Abetz’s epistemological riff, had it been shorn from his specific and petty gripe with Aunty, might have been a rich reflection on the individual, government and truth. Instead, it presented fascinating contradictions. The senator, born in Stuttgart in 1958, is a Christian Calvinist, and was citing the very moral relativism that the social conservatives of his party – who have ascended dramatically under Abbott’s prime ministership – consider repugnantly destructive. 

For the Liberals’ social conservatives, the imagined tapestry of Australian society is always threatened by the absence of fixed meaning – the universality of God’s wisdom, the primacy of the “traditional” family, and inflexibly optimistic narratives of Australian history are the divine glue that binds us together. Determining our own meaning is anathema. Nietzsche’s relativism is precisely the sort of intellectual slovenliness that imperils us. 

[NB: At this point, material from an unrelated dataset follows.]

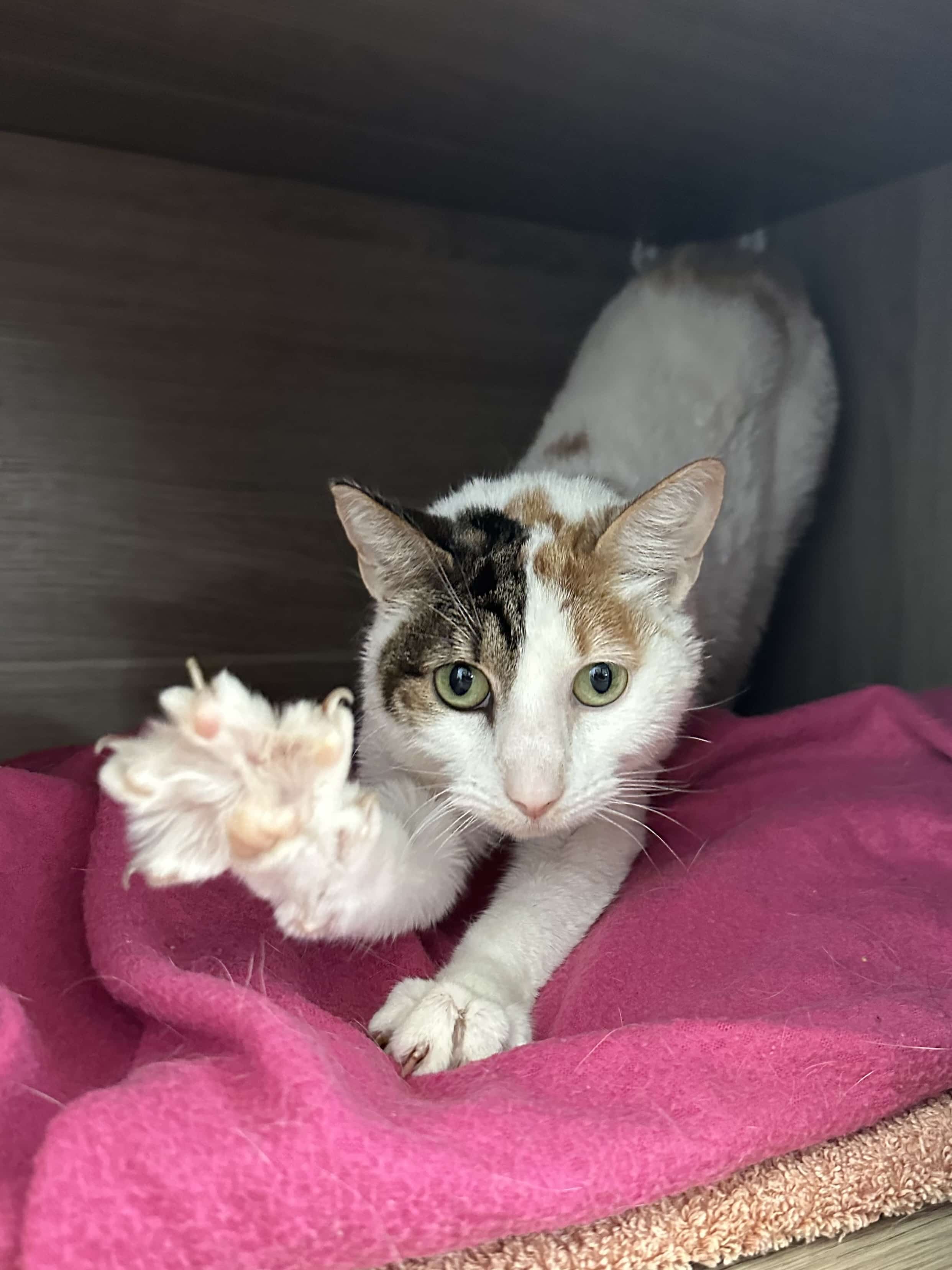 - A gentle and patient approach is best with me as loud noises and big movements can spook me. If you give me the chance to open up I blossom into an affectionate girl who will roll and purr for more pats.

Abetz’s citation of Nietzsche was also interesting, for he was summoning one of history’s most fierce atheists. Nietzsche called Christianity a “slave morality” and argued that ethics sprung from a “will to power” – an affirming belief to the classical liberals but abhorrent to the dominant philosophy in Tony Abbott’s cabinet. To consider the speaker of the Nietzsche quote is to marvel at the chasm between the line and the moral certitude that defines Abetz and his colleagues.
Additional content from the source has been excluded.